Thunder god vine may not be a useful herbal medicine but the compounds isolated from it are fascinating – if not as medicines, then most certainly as laboratory tools. Nature Chemical Biology recently published an article where a research team from Johns Hopkins, the University of Colorado at Boulder, and Drew University in New Jersey, has determined the molecular mechanism of action of triptolide, an unusual triepoxide compound from the plant.
Tripterygium wilfordii Hook F, or thunder god vine, is known as lei gong teng in Chinese traditional medicine and has a history of use as an anti-inflammatory herb. As with many traditional medicines, usage patterns do not necessarily indicate scientific validity. In fact, a Cochrane review published just last month on herbal therapies for rheumatoid arthritis indicated that the efficacy of thunder god vine was mixed. More concerning is that the herb had significant adverse effects in some trials, from hair loss to one case of aplastic anemia.
Nevertheless, the herb’s components have been studied since the 1970s for since they also appears to kill tumor cells in culture with nanomolar potency and have immunosuppresant activity in animal models. The group of the late natural products chemist at the University of Virginia, S. Morris Kupchan, first identified the unusual structures of triptolide and tripdiolide from Tripterygium wilfordii as described in this 1972 paper from the Journal of the American Chemical Society. Cytotoxic activity toward tumor cells in culture was used to guide the chemical fractionation of extracts. The unusual presence of three consecutive epoxides in the structures of both compounds led Kupchan to hypothesize later in Science that they target leukemia cells by covalent binding to cellular targets involved in cellular growth.

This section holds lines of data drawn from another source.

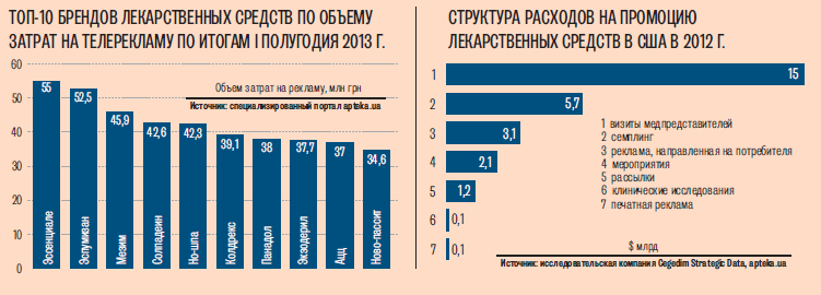 По данным специализированного портала аpteka.ua, по итогам І полугодия 2013 г. фармкомпании потратили на телевизионную рекламу 1,9 млрд грн.
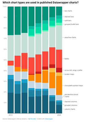 In this chart, Datawrapper has analyzed changes in distribution of chart styles selected by its users… The first thing you will notice is a dramatic drop in usage of column and bar charts that is offset by an increase in usage of tables and choropleths/symbol maps. Also, I found it interesting that scatter plots were barely used.
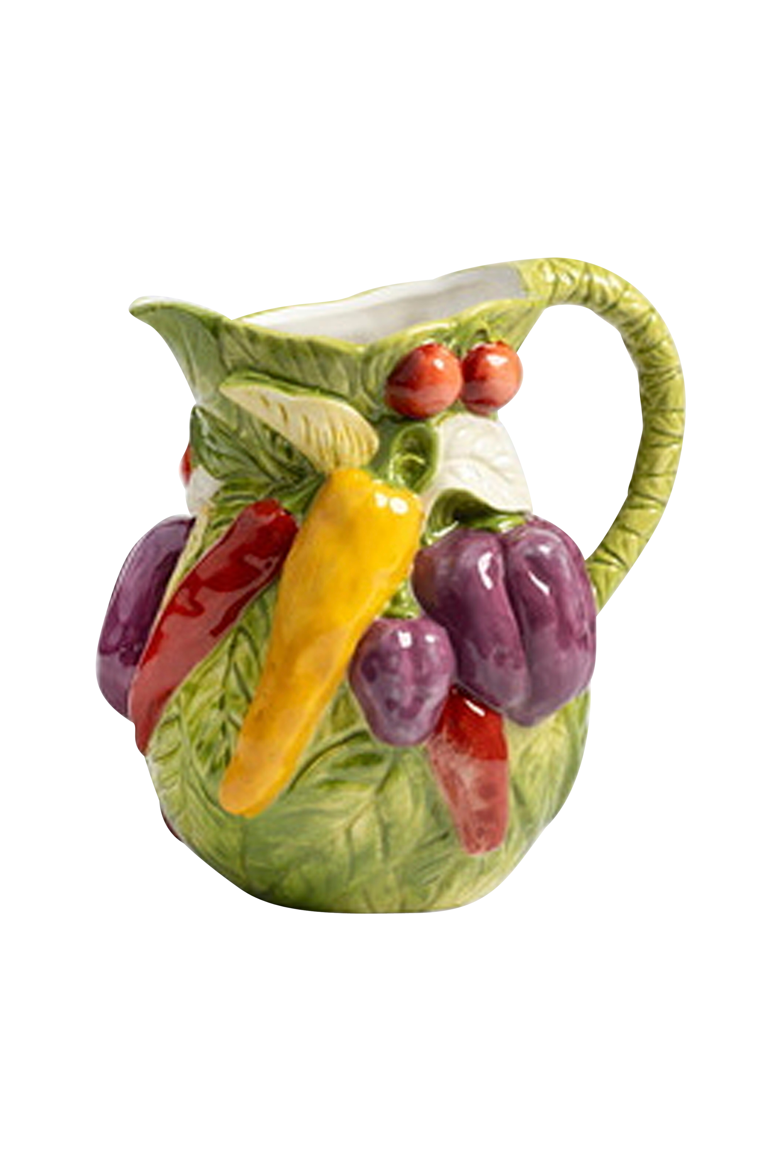 Tee rohkea kannanotto tällä suurella dolomiittikarahvilla, jota koristaa vilkas vihanneskuvio, jossa on paprikaa, paprikaa ja muita värikkäitä vihanneksia. Se sopii täydellisesti veden, viinin tai jopa juomien tarjoiluun, ja se on yhtä käytännöllinen kuin silmiä hivelevä. Olipa kyseessä ruokapöytä tai keittiön tiski, tämä karahvi tuo eloisan lisän mihin tahansa ympäristöön. Yhdistä se legume-malliston vastaavien kappaleiden kanssa, niin saat yhtenäisen ja leikkisän kokonaisuuden.
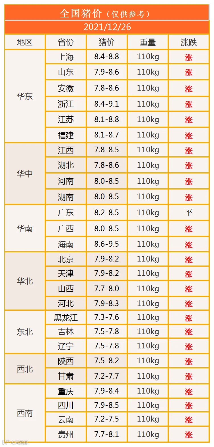 明日猪价2021年12月26日猪价信息
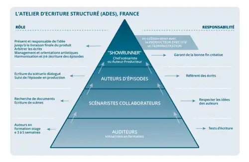 Ensemble, Alex Berger et Éric Rochant développent ainsi un processus créatif centré sur l’écriture appelé l’atelier d'écriture structurée (ADES), inspiré de la writers' room américaine. Cette organisation, orchestrée par le show runner, permet de régir les relations entre toutes les personnes intervenant dans l'écriture : les auteurs d’épisode, les scénaristes collaborateurs, et les auditeurs en formation[20],[21].
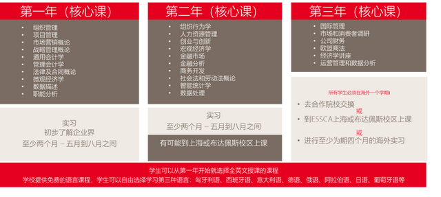 授课语言:第1-3年本科阶段法语授课,第4-5年硕士阶段英语授课
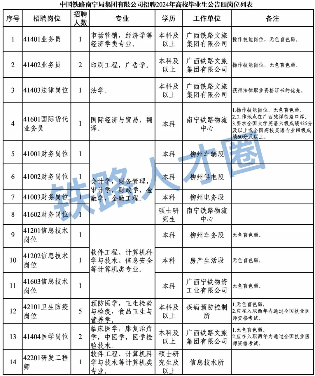 本次招聘岗位、专业、人数详见附件《中国铁路南宁局集团有限公司招聘2024年高校毕业生公告四岗位列表》。
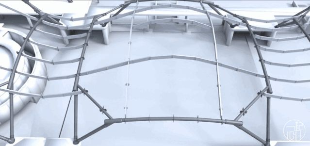 新酒厂的设计师Graham Stirk表示:“我们希望能将新酒厂和原有的自然环境几近完美的融合在一起,追求和谐共赏的效果,这样才能更好地展现产品最珍贵的价值。”基于此理念,Graham Stirk想出了独特的波浪型的木质屋顶结构,由380,000个独立构件搭建组成,算得上是世界上最复杂的木造屋顶结构之一。
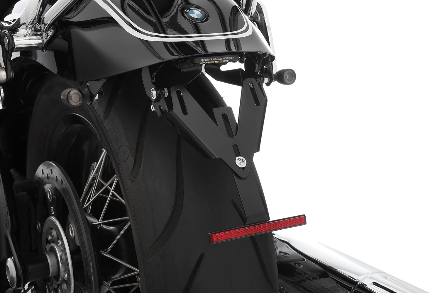 The conversion kit contains the brackets for the accessory indicators as well as the tiltable, puristically designed licence plate holder, which is actually far too attractive to disappear behind the licence plate. Both consist of high-quality, resilient stainless steel, which is black powder-coated. The (removable) rear reflector creates a delicate accent at the base of the licence plate.
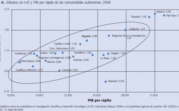 La innovación española se encuentra en un momento delicado debido a la crisis. Las doscientas empresas con más gasto en I+D han disminuido en 2009 su gasto en un 8,8%, como consecuencia de haber reducido sus inversiones en un 40% y su gasto corriente en un 1,5%, si bien el número de personas dedicadas a I+D ha crecido un 3%. Estos datos, que sin duda reflejan la situación de crisis, también muestran que, pese a ella, las grandes empresas, aunque recortan sensiblemente las inversiones para mejorar su capacidad innovadora, prácticamente mantienen sus gastos operativos en I+D, e incluso aumentan ligeramente su personal.
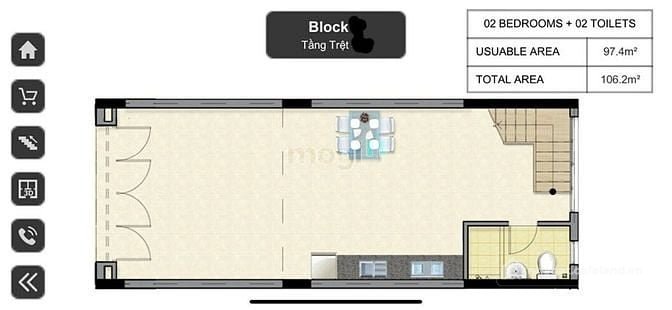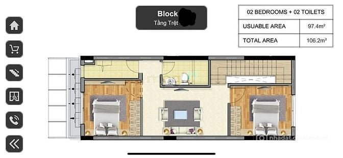 - Diện tích: 106.2 m2.
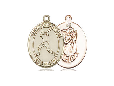 14kt Solid Gold St. Christopher/Softball Medal 3/4 x 1/2
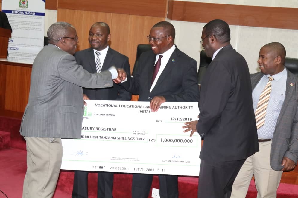 Waziri wa Fedha na Mipango Dkt. Philip Mpango akipokea mfano wa hundi ya Shilingi bilioni moja kutoka kwa Mwenyekiti wa Bodi ya Taifa ya Elimu na Mafunzo ya Ufundi Stadi Ndg. Peter Maduki (kushoto) ikiwa ni gawio la VETA kwa Serikali katika hafla iliyofanyika jijini Dodoma leo tarehe 12 Desemba 2019. Kulia ni Mkurugenzi Mkuu wa VETA Dkt. Pancras Bujulu. Wengine katika picha ni Msajili Hazina, Athumani Mbuttuka na Naibu Katibu Mkuu, Adolf Ndunguru.
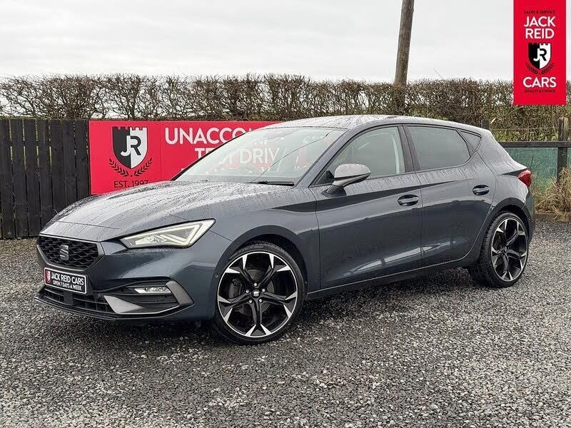Check out what's all included in this 2021 Seat Leon 1.5 TSI EVO FR 5dr:. Media system plus with navigation.. Digital cockpit.. Full link smartphone integration.. Park assist.. Flat bottomed perforated leather steering wheel.. Smartphone wireless charging pad.. Front sports seats.. Four x USB Type C ports.. FR sports bumper.If you like the look of this car and would like to come for a look or an unaccompanied test drive feel free to call down anytime or get in touch to make an appointment. We are open 7 days a week for your convenience!We have one of the largest numbers of cars for sale in our area with up to 200 cars in stock ready to view! We stock a variety of makes and models such as Audi, BMW, Seat, Range Rover, Mercedes, Jaguar and many more!All our cars come warranted by Jack Reid Cars meaning that we make all our decisions in house unlike unreliable warranty companies with too many terms and conditions.We look forward to hearing from you!This car is shown with an optional new alloy wheel and tyre upgrade or it can be returned to the standard wheels, whichever suits you best. Please contact sales for pricing.
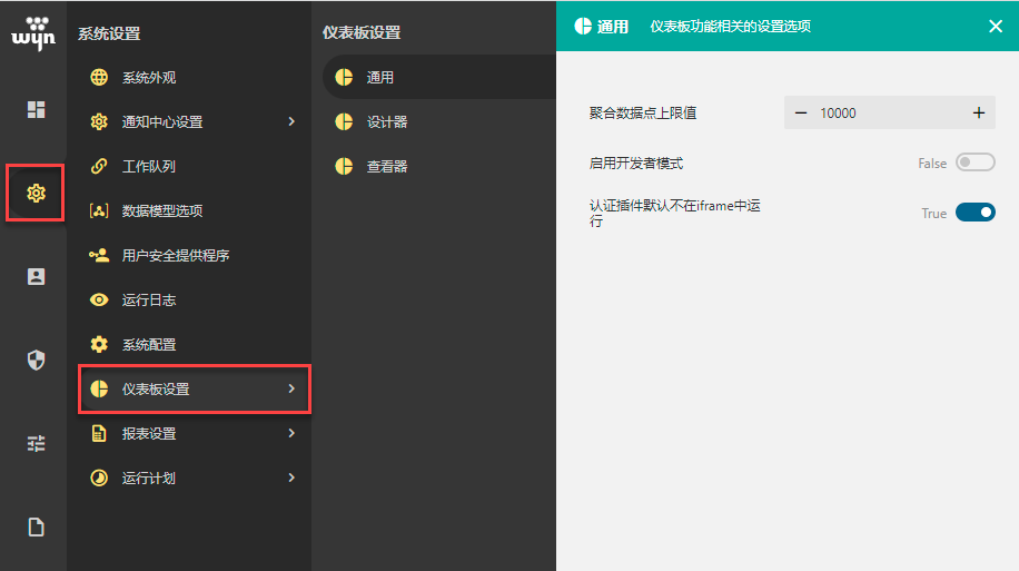 系统设置仪表板设置中可以针对仪表板的设计器,查看器中的一些特性进行设置,使其更符合您的需求和使用习惯。
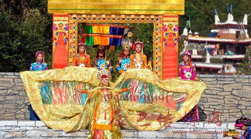 在催人奮進(jìn)的戰(zhàn)鼓聲中,一群身披甲胄的士兵拿著長劍,背著巨弓走到臺(tái)前,在鏗鏘的戰(zhàn)鼓聲中,戰(zhàn)士們做著各種競技動(dòng)作,模仿武士們互相攻擊的樣子,那矯健的身影展示了遠(yuǎn)古時(shí)代嘉絨藏族先民們?yōu)榱松媾c自然努力抗?fàn)幍膱?chǎng)景。過了一會(huì)兒音樂一轉(zhuǎn),戰(zhàn)鼓聲漸漸減弱,在鳥雀的陣陣啾啾聲中,一座木門慢慢的開啟,一位身披長袍、頭戴鳳冠的女王在眾多美女的簇?fù)硐?,緩緩走下臺(tái)階步入舞臺(tái)中央,此時(shí),一位手捧托盤的老者來到女王面前單膝下跪,將托盤高舉過頂,并邀請(qǐng)女王品嘗佳肴,女王將中指在酒中蘸了蘸,并曲起中指向四周輕輕彈去,寓意愿將杯中美酒與四方百姓同飲。在女王面前還放置著一個(gè)凈水桶,桶中盛滿了清澈的甘泉,桶上橫放著一枝柏樹枝,女王伸出纖纖玉手,拿著柏樹枝在水中蘸了蘸,面向墨爾多神山撒去,寓意向神山祈福。這是此次《美人谷·丹巴》節(jié)目展演中的序曲部分,有著強(qiáng)烈的東女神韻,將遠(yuǎn)古時(shí)代東女國女王遺風(fēng)展演的淋漓盡致。
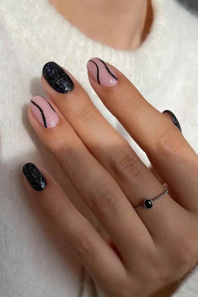 Black glitter December nails merge the intensity of black with the twinkle of glitter for a captivating display. This design is perfect for those who appreciate bold yet festive styles for the holiday season. Black glitter nails serve as a standout option for your December manicure.
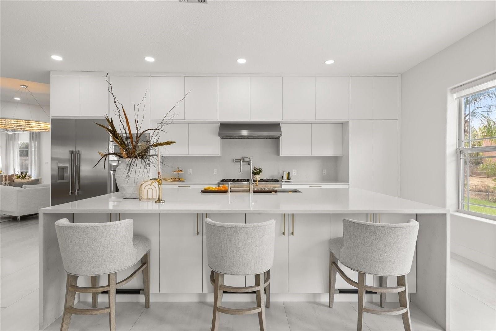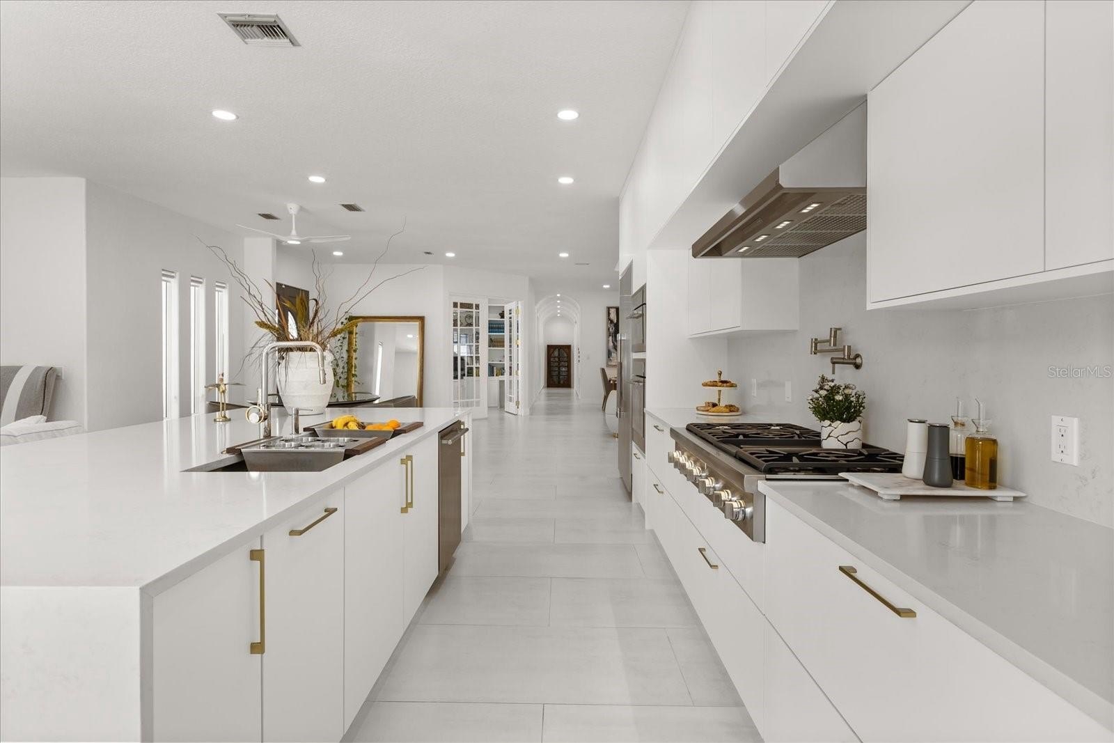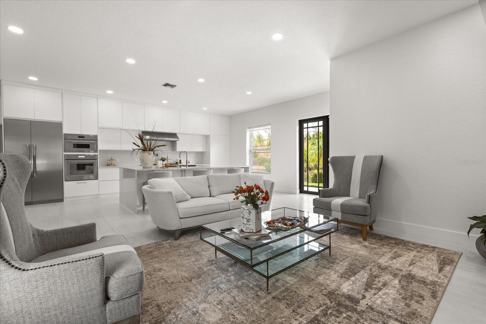 Inside the main home, the living space unfolds across a single story with soaring ceilings, custom built-ins, and expansive gathering areas. The gourmet kitchen is a chef’s delight, featuring a gas cooktop, built-in oven, 42” cabinetry, and generous counter space for entertaining. A gas fireplace anchors the family room, while French doors open to the screened pool, patio, and expansive backyard.
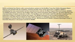 NASA contributed two Electra radio communications systems to the ExoMars Trace Gas Orbiter ( European Space Agency ) and assisted with the navigation , tracking and data return of the spacecraft . In addition , NASA is contributing the mass spectrometer and the main electronics units for the Mars Organic Molecule Analyzer ( MOMA ). The MOMA instrument , central to the ExoMars 2020 rover mission ( European Space Agency ), will allow detection and characterization of organic molecules on Mars . The ExoMars rover will include a drill that will allow sampling of the subsurface of Mars to a depth of almost two meters . The MOMA instrument is led Principal Investigator Fred Goesmann of the Max Planck Institute for Solar System Research in Göttingen , Germany . The Deputy Principal Investigator is Francois Raulin of the University of Paris . Will Brinckerhoff of NASA ' s Goddard Spaceflight Center in Greenbelt , Maryland , is the project scientist for MOMA .
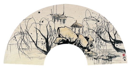 华宏仁 柳丝轻扬渔舟影 26×54cm 2009年
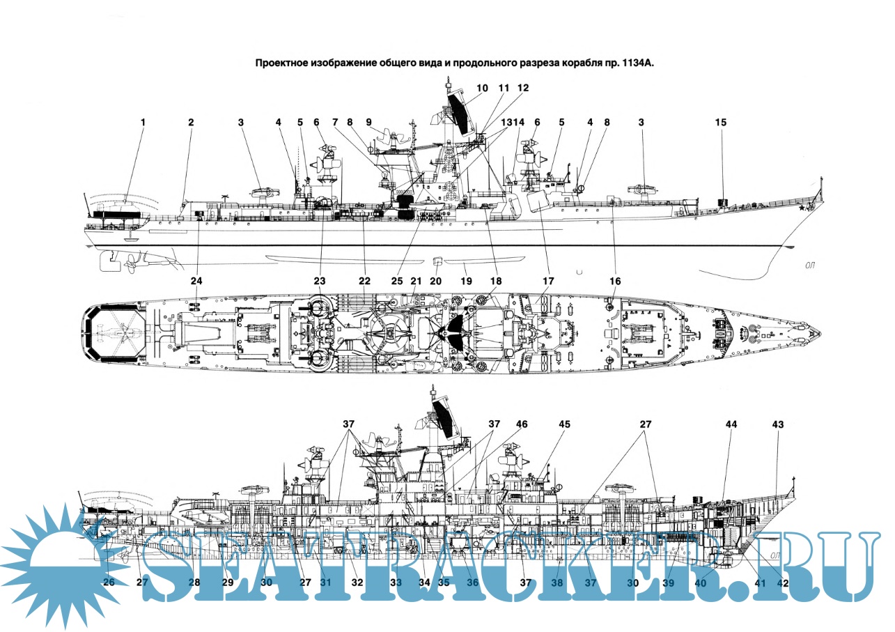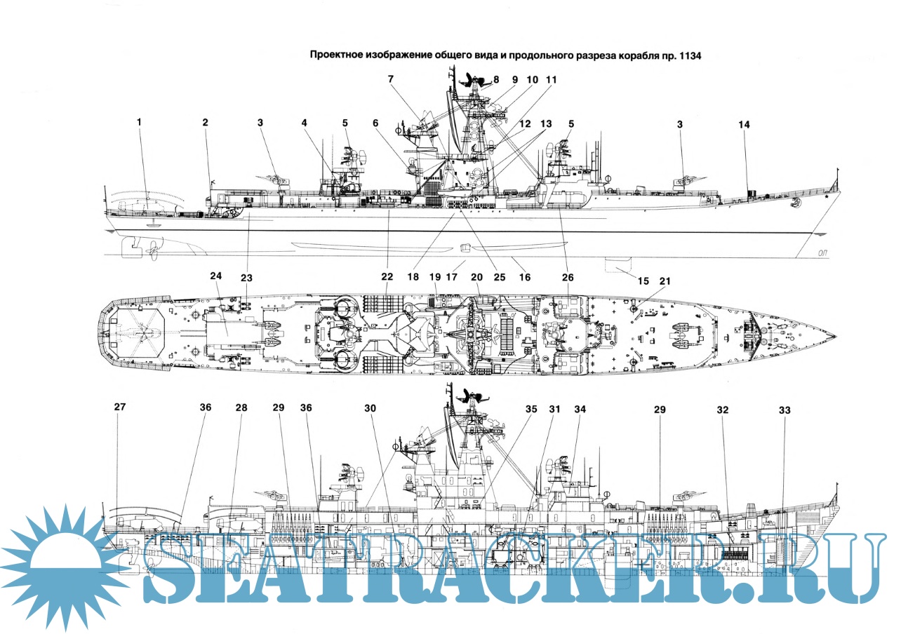 Описание: В 60-70-е гг. в Советском Союзе на двух судостроительных заводах в Ленинграде и Николаеве по трем проектам, разработанным Северным ПКБ, был построен 21 корабль со схожими номерами проекта — 1134, 1134А, 1134Б. В шифре присутствовало объединяющее слово — «Беркут», да и первоначальное боевое предназначение у них было одним и тем же. Появлению этих кораблей способствовал ряд последовательных решений советского правительства, направленных на создание дальней зоны противолодочной обороны страны, с целью ликвидации ракетно-ядерной угрозы, исходившей от американских атомных подводных лодок, патрулировавших в отдаленных районах Мирового океана.
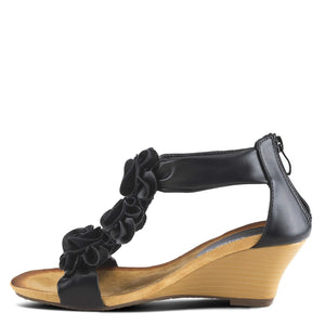 Patrizia Style: Harlequin Chic flower t-strap wedge sandal with soft tubular straps. Heel Height (approximately): 2 1/2", 1/2" platform. Features: -Synthetic leather, tonal dimensional flowers, soft insole. -Back zipper closure. -Synthetic leather lining. -Soft microfiber insole. -Polyurethane outsole. -Imported.

As an aside: Epoxides are chemically reactive groups composed of an oxygen atom bonded to two carbons; the constraints of this triangular structure and the electrons on the oxygen favor the opening of this ring and attack of other atoms such as sulfur, often present in regulatory regions of enzymes. The Wikipedia entry gives a pretty nice primer. The reactivity of epoxides also makes these compounds highly useful intermediates in industry, particularly in the manufacture of ethylene glycol antifreeze and industrial paints and adhesives (e.g. epoxy resins).
Conventional wisdom would drive most scientists to take one look at triptolide and say that this stuff is a royal mess – so chemically reactive that it couldn’t possible have a specific cellular target. It’s probably too “dirty” – so promiscuous in its binding that it probably attacks all manner of sulfhydryl-containing enzymes and blows the cells to smithereens.
However, several groups have shown over the last 10 or 15 years that some epoxide-containing natural products have very specific cellular targets. Epoxides are not so wildly reactive that they bind everything in their midst. Instead, the environment in which the epoxide exists seems to provide some binding specificity. For example, the group of Jun O. Liu, then at MIT, showed in 1998 that another epoxide-containing natural product, fumagillin, exerted its antiangiogenic activity by binding to a protein called methionine aminopeptidase 2 (MetAP2). Similarly, Brent Stockwell at Columbia University and the Howard Hughes Medical Institute recently published a tour de force in another Nature Chemical Biology paper showing that a reactive 2-chloromethylketone compound specifically targets protein disulfide isomerase, preventing neuronal cell death from misfolded proteins with potential use in Alzheimer’s or Huntington’s diseases.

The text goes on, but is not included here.